While STP maintains property and liability insurance for losses related to nuclear operations, there may be limitations on 
the amounts and types of insurance commercially available.  See also Item 15 — Note 22, Commitments and Contingencies, 
Nuclear Insurance.  An accident at STP or another nuclear facility could have a material adverse effect on NRG's financial condition, 
its operational results, or liquidity as losses may exceed the insurance coverage available and/or may result in the obligation to 
pay retrospective premium obligations.  

NRG is subject to environmental laws that impose extensive and increasingly stringent requirements on the Company's ongoing 
operations,  as  well  as  potentially  substantial  liabilities  arising  out  of  environmental  contamination.  These  environmental 
requirements and liabilities could adversely impact NRG's results of operations, financial condition and cash flows. 

NRG is subject to the environmental laws of foreign and U.S., federal, state and local authorities.  The Company must comply 
with numerous environmental laws and obtain numerous governmental permits and approvals to build and operate the Company's 
plants.  Federal and state environmental laws generally have become more stringent over time, although this trend could slow or 
pause.

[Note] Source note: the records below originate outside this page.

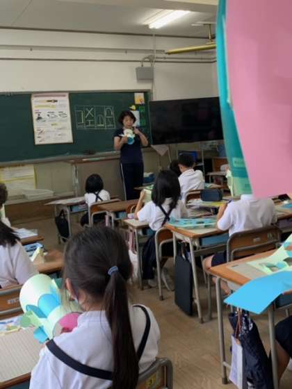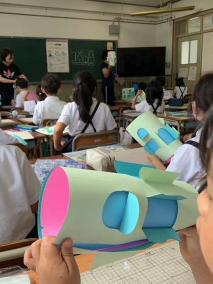 クルッと巻いて円柱状にすると、オシャレな窓のある建物になります。「お城みたいー。」と、子どもたちそれぞれに、イメージを膨らませていました。
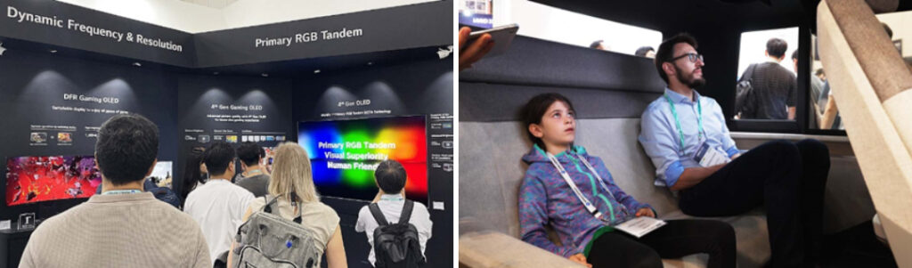The booth also showcased advanced mobility solutions for the Software-Defined Vehicle (SDV) era, including the 57-inch Pillar-to-Pillar LCD, 18-inch Slidable OLED, 12-inch Stretchable Display, and the 13-inch Hybrid Tandem OLED-featuring a hybrid two-stack Tandem OLED structure, with blue fluorescence in the lower stack and blue phosphorescence in the upper stack for dramatically improved power efficiency. The variety and performance of these innovations drew strong interest and positive feedback from visitors.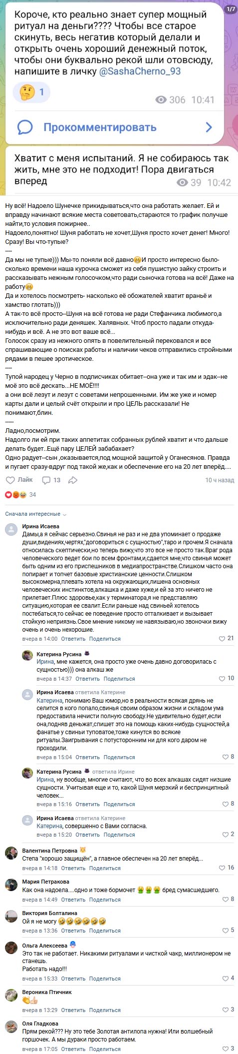 Черно готова прибегнуть к необычным методам для улучшения своего финансового положения. Она активно ищет женщину с экстрасенсорными способностями или опытную колдунью, которая поможет ей избавиться от негативного влияния и привлечь деньги. По словам Александры, она ожидает поступления финансовых средств из самых разных источников.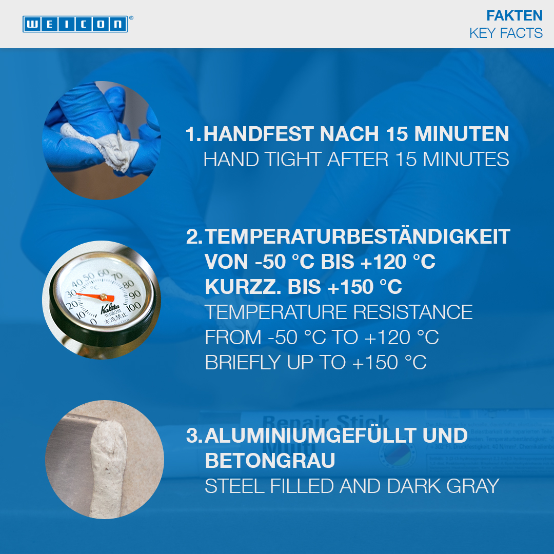 For the quick and non-corrosive repair and bonding of metal components. For the repair of cracks, holes and leaks in car bodies, gearboxes and tanks, window frames and profiles, and boats and models. The WEICON Repair Stick Aluminium can be used in machine and system construction, in the automotive industry, in gear construction, window construction, model building and many other applications.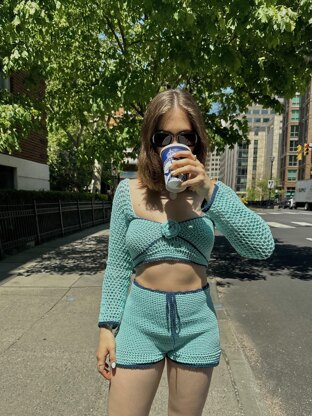 The Delara Shorts are cute, beginner-friendly crochet shorts with two-tone border details. Pair with the Delara Top Crochet Pattern to complete the set.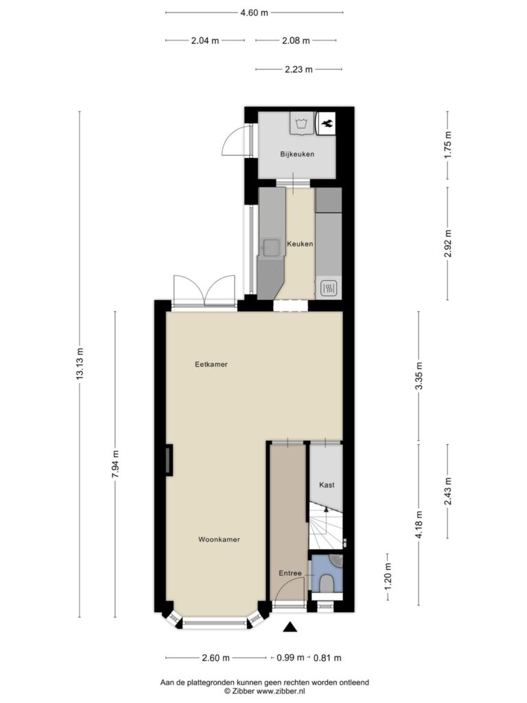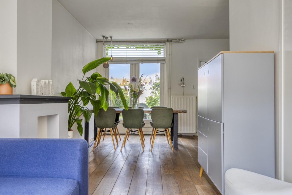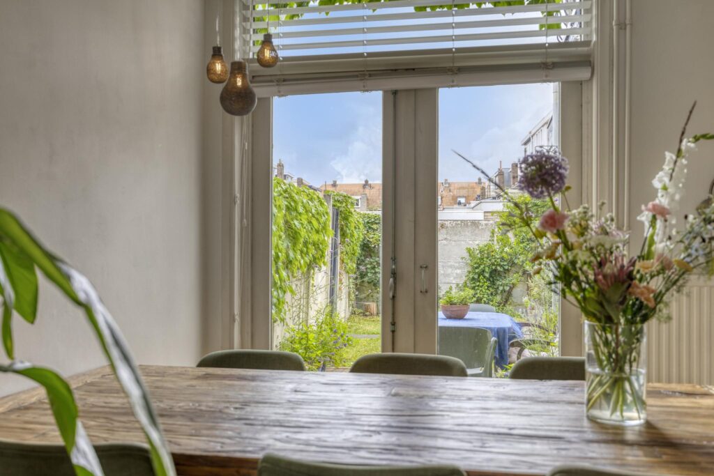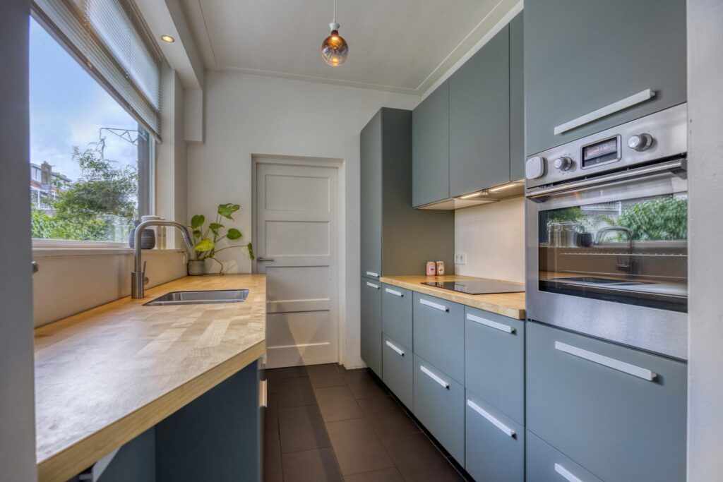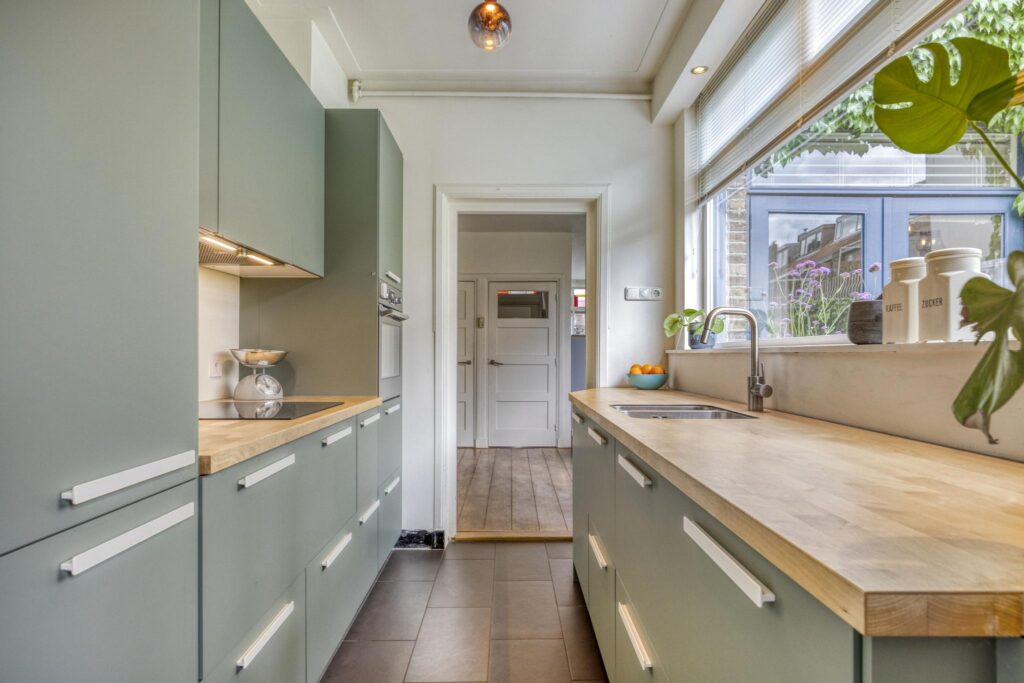 Entree, hal die toegang biedt tot de deels betegelde toiletruimte met hangend closet en fonteintje, trapopgang naar de eerste verdieping en de woonkamer. Leuke details zijn hier de originele tegeltjes en de terrazzo vloer! Sfeervolle woonkamer met houten vloer en pleisterwerk wanden en plafond. Middels openslaande deuren heeft u toegang tot de achtertuin. Een erker met originele glas-in-lood raampjes zorgt voor veel lichtinval en sfeer in de woonkamer. Vanuit de woonkamer is de kelderkast bereikbaar die veel opbergruimte biedt. De keuken is aan de achterzijde van de woning gelegen en in 2022 vernieuwd. De keuken heeft een rechte opstelling en beschikt o.a. over de volgende apparatuur: inductiekookplaat, afzuigkap (recirculatie), oven, koelkast, vrieslades, 1-1/2 spoelbak en een vaatwasmachine. Tevens is er veel opbergruimte in de kastjes en lades. Vanuit een groot raam is er zicht op de achtertuin. Op de vloer liggen tegels en de wanden zijn voorzien van stucwerk. Vanuit de keuken is de bijkeuken bereikbaar, hier treft u de aansluiting voor de was- en droogapparatuur. Tevens is hier de opstelplaats van de cv-ketel (Intergas bj. 2021) aanwezig. Middels een loopdeur heeft u toegang tot de achtertuin.

Should NRG fail to comply with any environmental requirements that apply to its operations, the Company could be subject 
to administrative, civil and/or criminal liability and fines, and regulatory agencies could take other actions seeking to curtail the 
Company's operations.  In addition, when new requirements take effect or when existing environmental requirements are revised, 
reinterpreted or subject to changing enforcement policies, NRG's business, results of operations, financial condition and cash flows 
could be adversely affected.

NRG's businesses are subject to physical, market and economic risks relating to potential effects of climate change. 

Climate change is producing changes in weather and other environmental conditions, including temperature and precipitation 
levels, and thus may affect consumer demand for electricity. In addition, the potential physical effects of climate change, such as 
increased frequency and severity of storms, floods and other climatic events, could disrupt NRG's operations and supply chain, 
and cause them to incur significant costs in preparing for or responding to these effects. These or other meteorological changes 
could lead to increased operating costs, capital expenses or power purchase costs. NRG's commercial and residential customers 
may also experience the potential physical impacts of climate change and may incur significant costs in preparing for or responding 
to these efforts, including increasing the mix and resiliency of their energy solutions and supply. 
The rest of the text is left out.